The API will be available at `http://localhost:8000`.

## Testing

The project includes a comprehensive test suite covering both unit and integration tests.

### Installing Test Dependencies

```bash
pip install pytest pytest-cov httpx
```

### Running Tests

```bash
# Run all tests
pytest

# Run tests with verbose output
pytest -v

# Run tests and generate coverage report
pytest --cov=app tests/

# Run tests and generate detailed coverage report
pytest --cov=app --cov-report=term-missing tests/

# Run specific test file
pytest tests/test_api.py

# Run tests without warnings
pytest -W ignore::FutureWarning -W ignore::UserWarning
```

### Test Structure

- **Unit Tests**: Test individual components in isolation
  - `tests/test_summariser.py`: Tests for the summarization service

- **Integration Tests**: Test API endpoints and component interactions
  - `tests/test_api.py`: Tests for API endpoints

### Mocking Strategy

For faster and more reliable tests, we use mocking to avoid loading large ML models during testing:

```python
# Example of mocked test
def test_summariser_with_mock():
    with patch('app.services.summariser.AutoTokenizer') as mock_tokenizer_class, \
         patch('app.services.summariser.AutoModelForSeq2SeqLM') as mock_model_class:
        # Test implementation...
```

### Continuous Integration

Tests are automatically run on pull requests and pushes to the main branch using GitHub Actions.

## Running with Docker

```bash
# Build and run with Docker
docker build -t ai-content-summariser-api .
docker run -p 8000:8000 ai-content-summariser-api
```

## Deployment

See the deployment guide in the frontend repository for detailed instructions on deploying both the frontend and backend components.

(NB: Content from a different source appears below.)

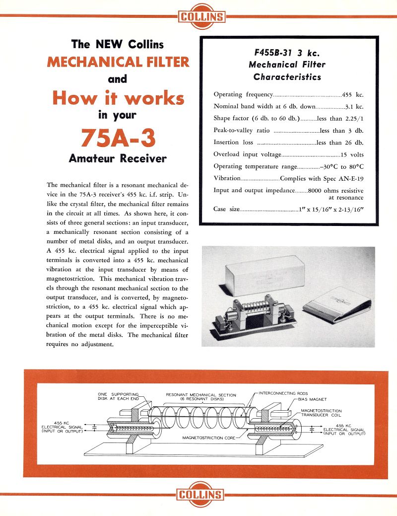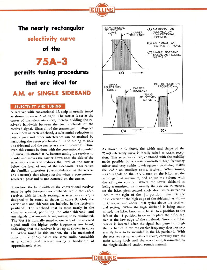 The 75A-3 is an HF (80, 40, 20, 15, 11 &10 meter band) Amateur Radio Receiver. It uses a Permeability Tuned Oscillator as the RF source and a Mechanical Filter for selectivity.

### Deploying to Hugging Face Spaces

When deploying to Hugging Face Spaces, make sure to:

1. Set the following environment variables in the Space settings:
   - `TRANSFORMERS_CACHE=/tmp/huggingface_cache`
   - `HF_HOME=/tmp/huggingface_cache`
   - `HUGGINGFACE_HUB_CACHE=/tmp/huggingface_cache`

2. Use the Docker SDK in your Space settings

3. If you encounter memory issues, consider using a smaller model by changing the `model_name` in `summariser.py`

## Performance Optimizations

The API includes several performance optimizations:

1. **Model Caching**: Models are loaded once and cached for subsequent requests
2. **Result Caching**: Frequently requested summaries are cached to avoid redundant processing
3. **Asynchronous Processing**: Long-running tasks are processed asynchronously

## Development

### Testing the API

You can test the API endpoints using the built-in Swagger documentation at `/docs` when running locally.

### Checking Transformers Installation

To verify that the transformers library is installed correctly:

```bash
python -m app.check_transformers
```

## License

This project is licensed under the MIT License.